OAKLEY LETTER TO LINDA, POSTMARKED 8-5-69, AND SENT FROM NEW YORK CITY: “The damn truck started heating up again about midnight. We got as far as Greenville, SC and could go no further… We spent the night in a motel and now it’s afternoon and Twiggs is out renting a van to get us the rest of the way there.”
In New York, the band was to work with Cream producer Tom Dowd, but he was unavailable and Atlantic house engineer Adrian Barber was assigned to record the new band. Barber was an experienced engineer, having worked on sessions with Cream and a range of jazz greats, as well as with the Beatles in Hamburg, Germany in 1963. This was his first producer’s credit. A year later he would engineer and play most of the drums on Velvet Underground’s Loaded.
The entire seven-song Allman Brothers Band album was cut and mixed in two weeks and virtually no outtakes exist from the sessions.

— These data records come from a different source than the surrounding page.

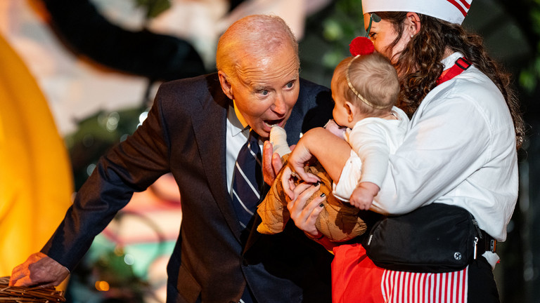 Americký prezident Joe Biden byl zachycen kamerou, jak hravě kousá miminka během středeční halloweenské párty v Bílém domě, když zdravil děti zaměstnanců, uvádí média. Biden má za sebou historii toho, co mnozí považují za bizarní interakce s dětmi.
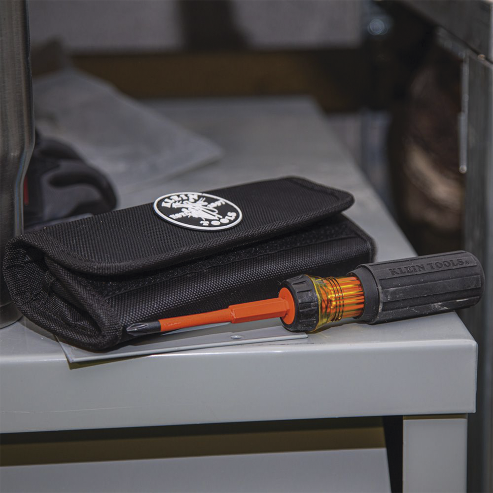 • Juego de desarmadores intercambiables con aislamiento, un mango con aislamiento, 5 barras intercambiables con aislamiento y un estuche de transporte.
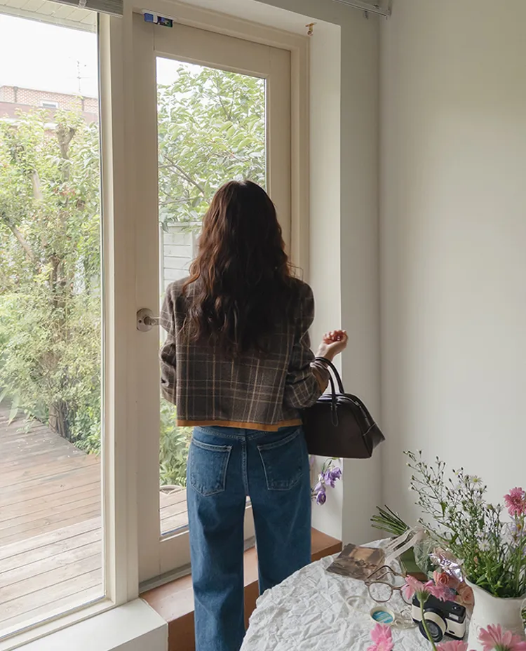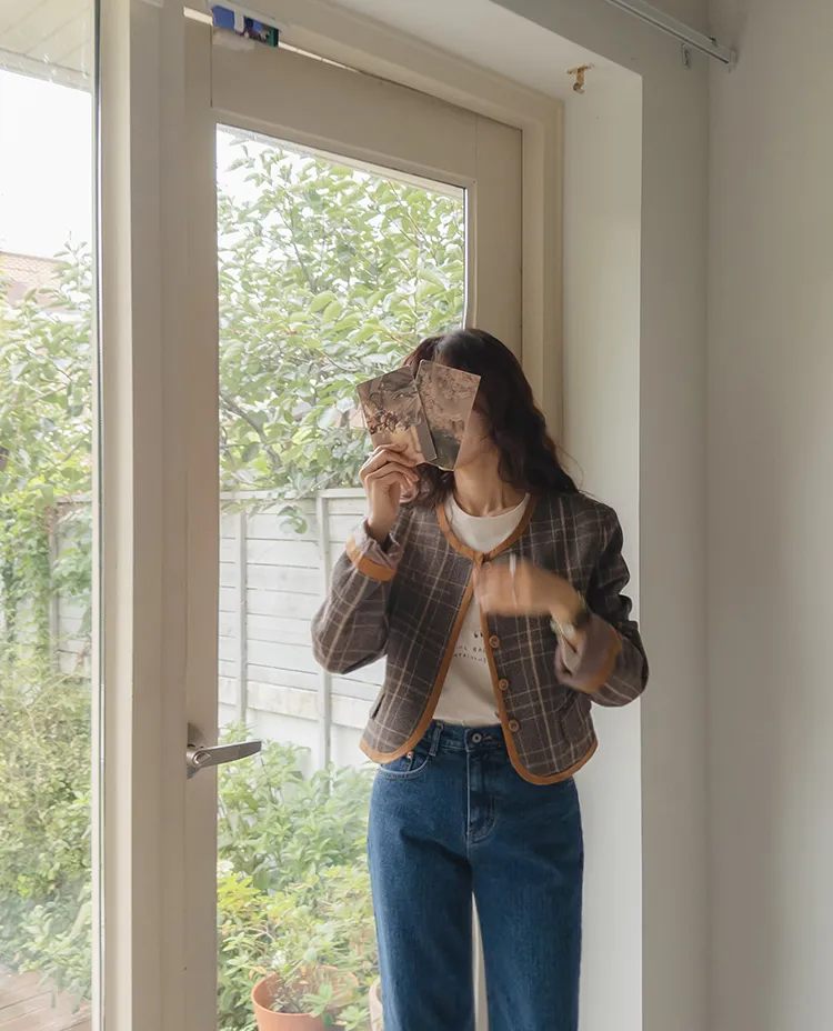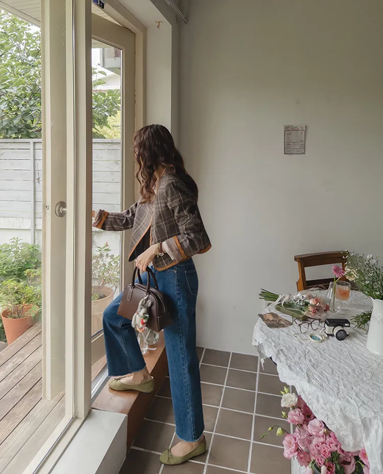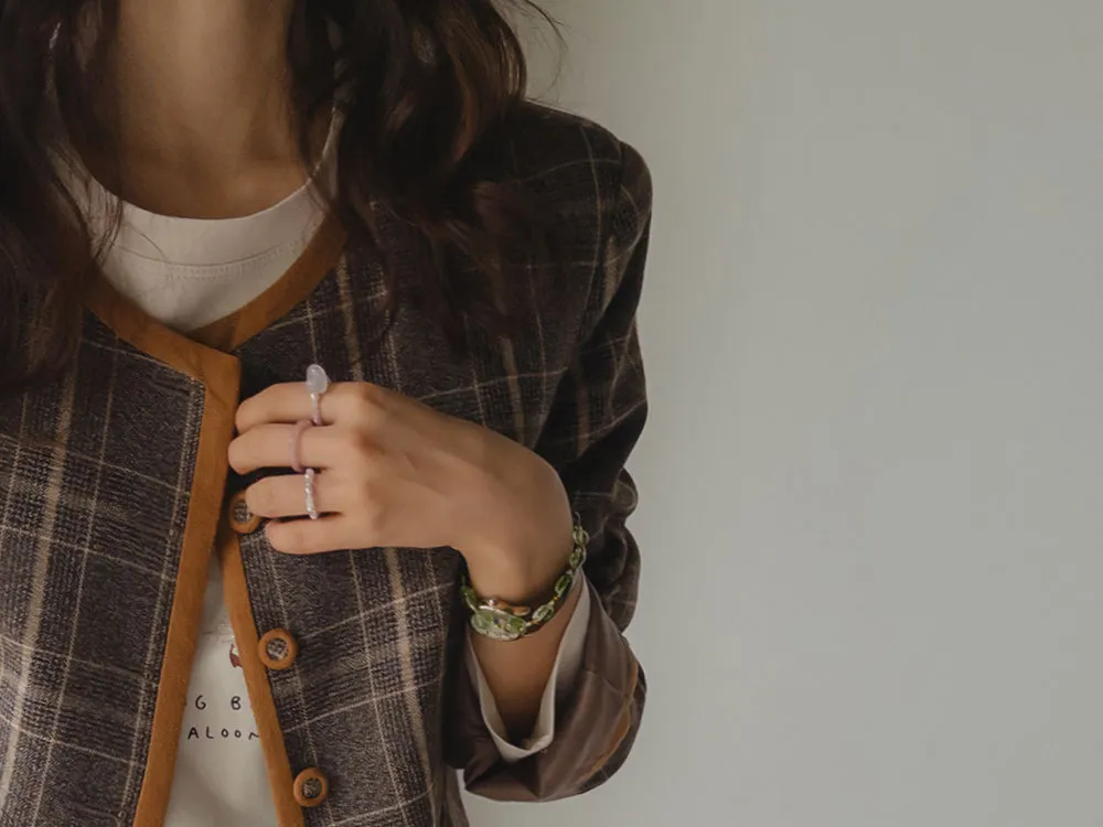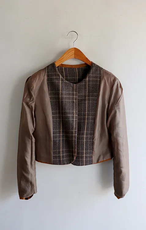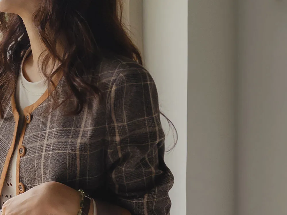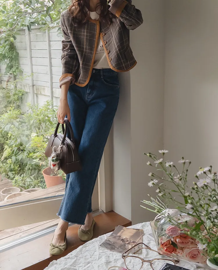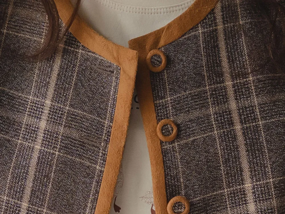 【時尚格紋+麂皮配色的外套】【雖然是含有天絲和氨綸面料的外套,但是輕薄舒適~】【獨特的鈕扣提升細節品質!

During this time. the Brothers also played three nights at Ungano’s, a Manhattan club; these were their first shows in the city that was to become their second home.

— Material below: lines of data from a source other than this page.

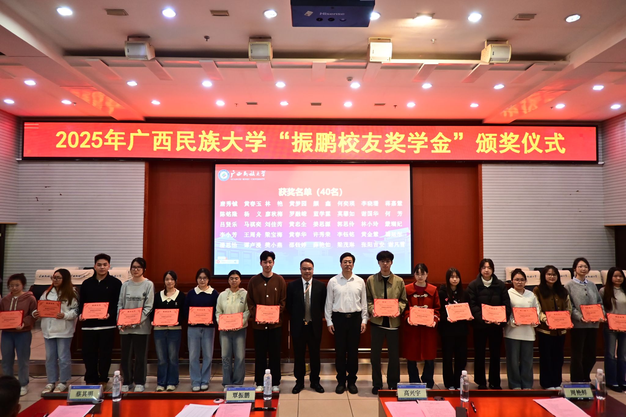 12月30日下午,广西民族大学2025年“振鹏校友奖学金”颁奖仪式在相思湖校区科技楼报告厅举办。副校长高兴宇、校友覃振鹏及公司董事出席仪式。
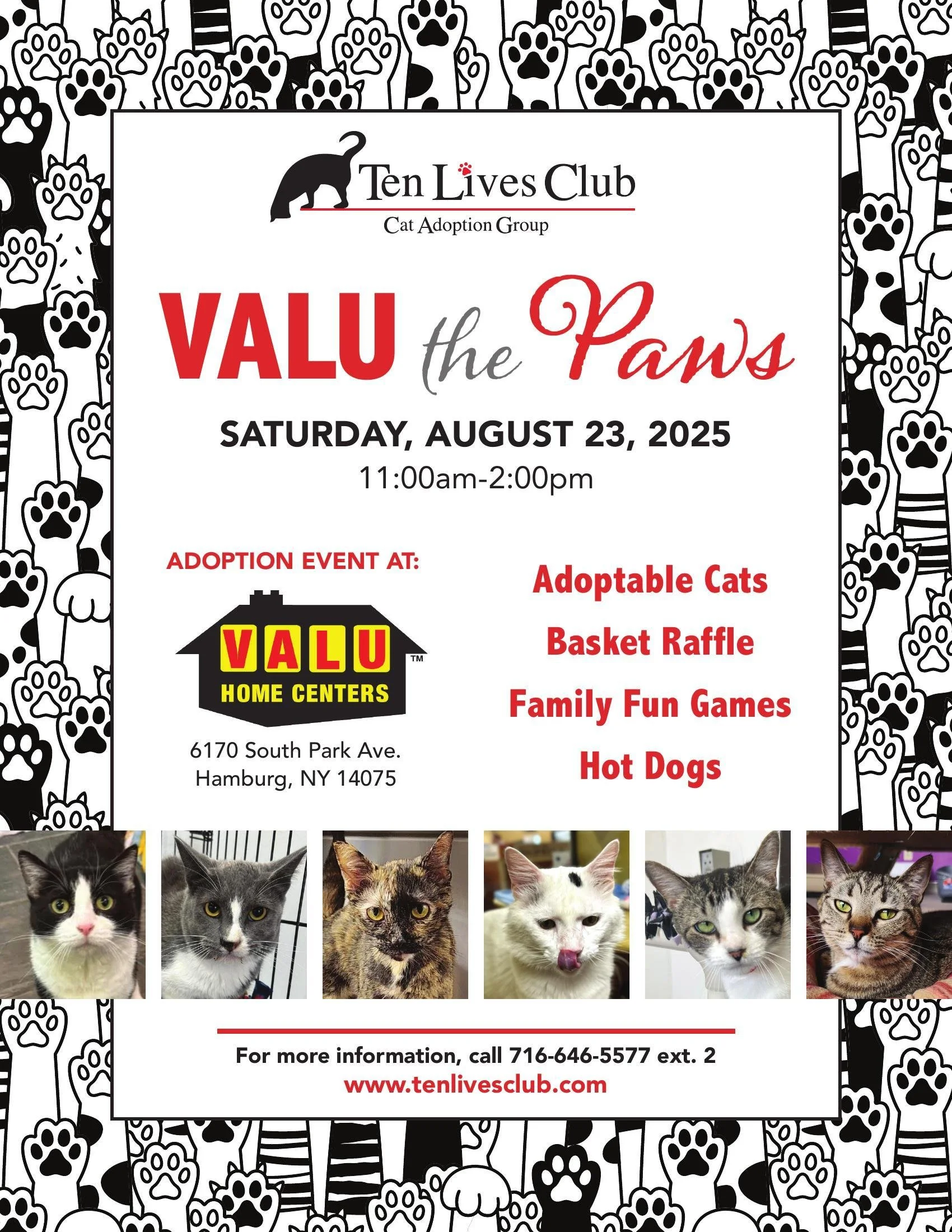 Join Ten Lives Club on Saturday, August 23 | 11AM–2PM @ Valu Home Center, 6170 South Park Ave., Hamburg, NY!
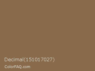Decimal 151017027 Color is a normal orange color and the nearest color is French Bistre #856d4d. Hex code #896a4b and RGB value is rgb(137,106,75). In RGB color space, this color is composed of 54% red, 42% green, 29% blue, In CMYK color space, this color is composed of 0% cyan, 23% magenta, 45% yellow , 46% black , In HSL color space, this color has a hue angle of 30° , 29% saturation and 42% lightness.
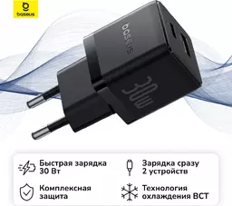 Сетевое зарядное устройство Baseus Palm Fast Charger C+u 30W Eu Cluster Black (P1011160a113-00)
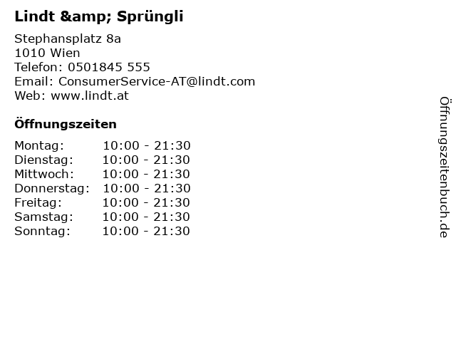 | Öffnungszeiten Lindt & Sprüngli in Wien anzeigen | |
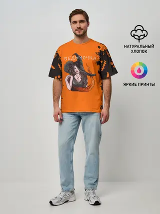 Мужская футболка оверсайз / ВЕДЬМОЧКА НА ХЕЛЛОУИН
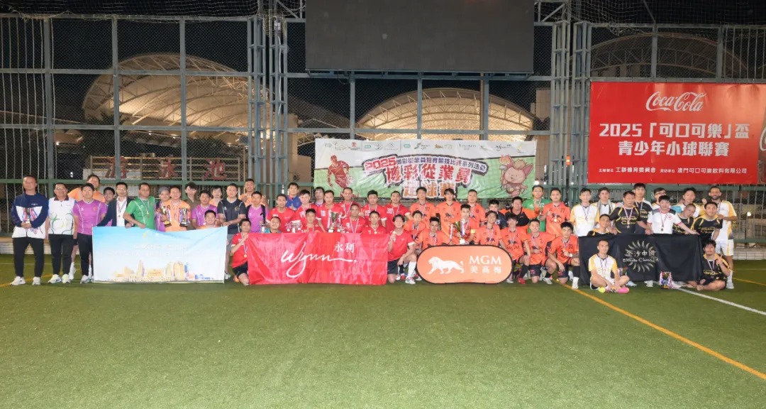 由澳門博彩業職工之家綜合服務中心、澳門工會聯合總會體育委員會合辦,澳門綜合旅遊休閒產業人員文娛康體協會、博彩從業員志願者協會協辦,澳娛綜合度假股份有限公司、美高梅、新濠博亞娛樂、金沙中國、永利以及銀河娛樂集團聯合贊助的「2025博彩從業員足球賽」日前假工人體育場順利完成。主辦單位期望為博彩業職工提供了展現球技及團隊合作精神的平台,宣揚享受健康體育運動的訊息。
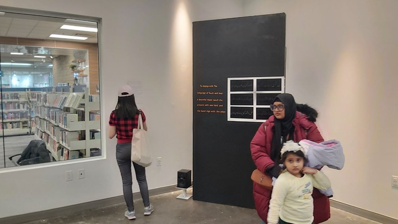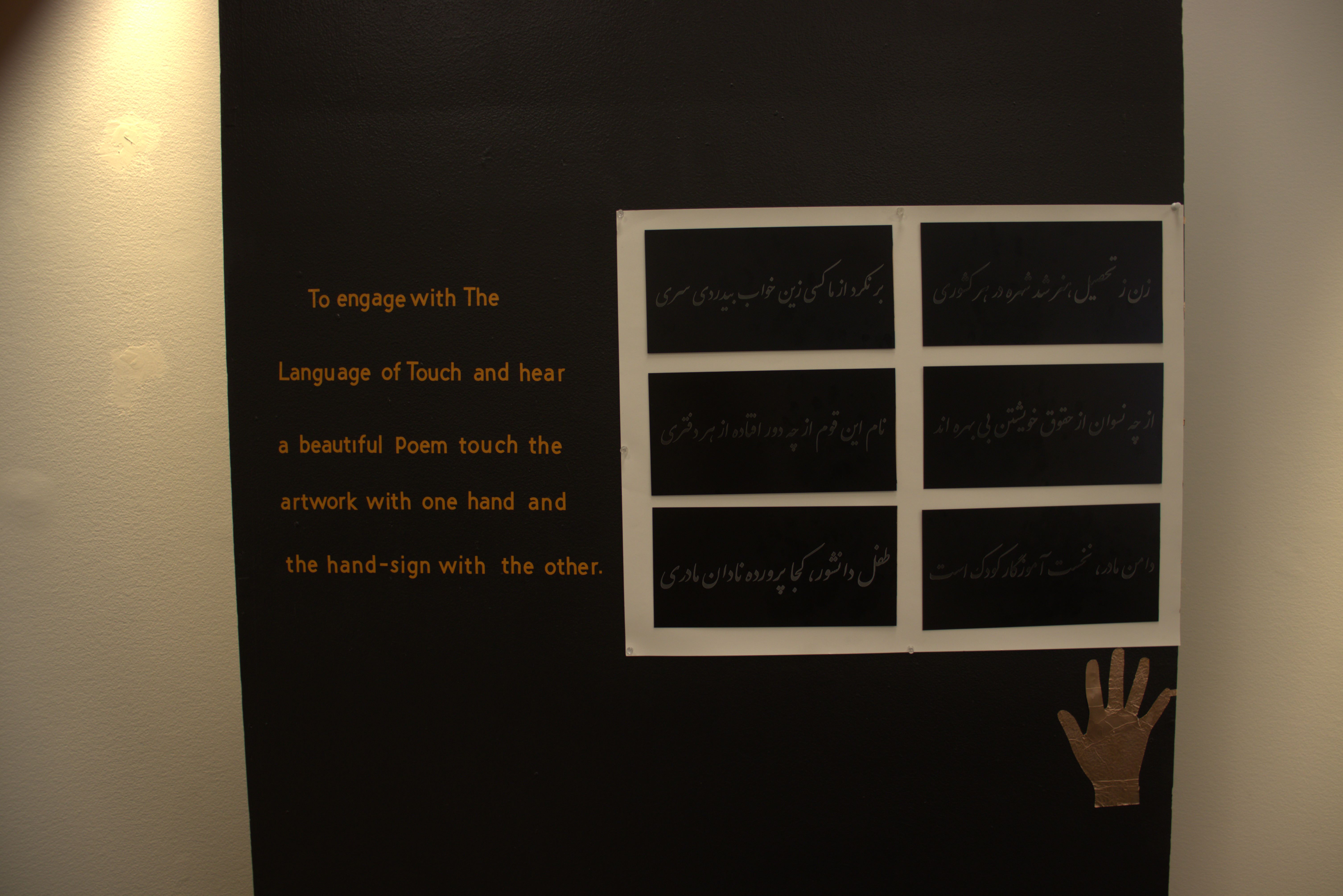 The Language of Touch is an interactive wall installation where audiences activate engraved Persian poetry by touching aluminum plates. Through calligraphy, sound, and touch, the work confronts viewers with a language barrier, mirroring the emotional distance and cultural exclusion migrants experience through translation and communication.

JAIMOE: The best way to prepare to go into the studio is play the songs you’re going to record on gigs and then you should know if they’re ready or not and judge from the crowd reaction what’s clicking and what needs more work. We played them songs hard from May to August and walked into the studio having them down cold. We were not intimidated, even though me, Dickey and Berry were not that experienced in studio work. Butch had more experience and Gregg and Duane had cut a few albums, in addition to all of Duane’s session work.
BUTCH TRUCKS: The whole experience of making the first album was absolutely wonderful. I felt comfortable in the studio, having recorded a bunch before, as did we all, and the music was great. We had played these songs so much and we were all just busting to get them down on record.
BERRY OAKLEY LETTER TO LINDA, POSTMARKED 8-14-69: “We set up and ran down some tunes for a few hours Sat. eve but didn’t record till Sun. We did ‘Trouble No More,’ ‘Cross To Bear,’ [and] ‘Dreams’ and they came out really well. The producer is a good cat to work with. He’s English and everything is working out pretty well. Today we were working on ‘Black Hearted Woman’ all day but didn’t finish cause we changed it around so it is more together and we were just doing a part at a time. It’s going to come out good.
“What a funky place New York really is.”
JAIMOE: They booked two weeks for us in Atlantic Studios– and that was just supposed to be playing down basic tracks, with overdubs coming later. We went in on Sunday night to get sounds, went back Monday night to start cutting and came out Thursday with the whole thing done, overdubs and all. We went in there played our asses off and that was it; we were done in four days and they spent the rest of the time mixing.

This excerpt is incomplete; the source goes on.